Title: Re: Flight MH370 Post by: Cyrrex on March 21, 2014, 03:11:34 AM Yeah, I guess I stopped caring a while ago. It is strange how we as humans deal with this sort of thing. People can starve by the thousands and we barely bat an eye, and yet a plane crashes every once in a while and it's like the world comes to a complete halt. Sure, it is a tragedy, and these families could use some closure. But still, thousands of smaller tragedies happen all the time and we all but ignore them.

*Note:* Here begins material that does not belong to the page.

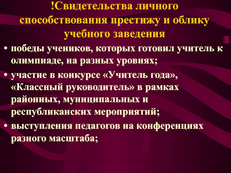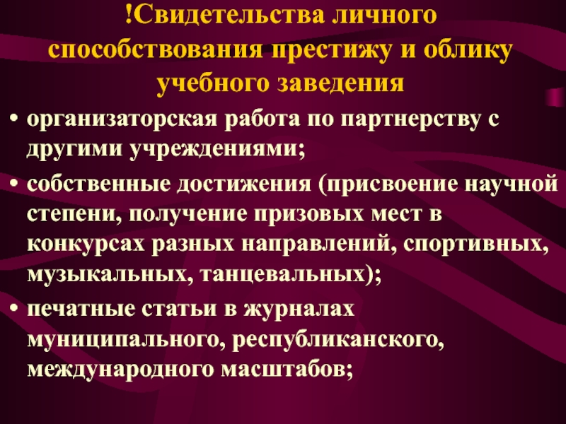 Слайд 53!Свидетельства личного способствования престижу и облику учебного заведения
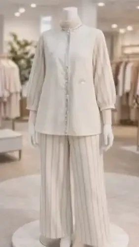 [NEW]CHICMORE Setelan kemeja wanita kasual dengan motif garis-garis bordir tidak beraturan dan patchwork, dipadukan dengan celana panjang lebar.

I chalk it up to our instinctive fear of flying, combined with the thought that someone may have actually done something like this on purpose. No wonder terrorist target airplanes as much as they do: because it scares the shit out of us. Title: Re: Flight MH370 Post by: lamaros on March 21, 2014, 04:49:19 AM I have no fear of flying at all. It's just the mystery.
Title: Re: Flight MH370 Post by: Ironwood on March 21, 2014, 07:56:07 AM Yeah, I was interested in the mystery at first too, but now it's all 'Fuck it, we're in 2014 and we can't even locate a massive fuck off plane in under 48 hours, so who gives a shit'. As long as Liam Fucking Neeson was onboard, the passengers will be all right.
A Pack of Wolves is Hunting You. It's Ten Degrees Below. It's Neeson Season. Title: Re: Flight MH370 Post by: Ghambit on March 21, 2014, 10:55:42 AM Yah, I'm gonna be signing off on this until they find something tangible. Taking up too much of my time lately.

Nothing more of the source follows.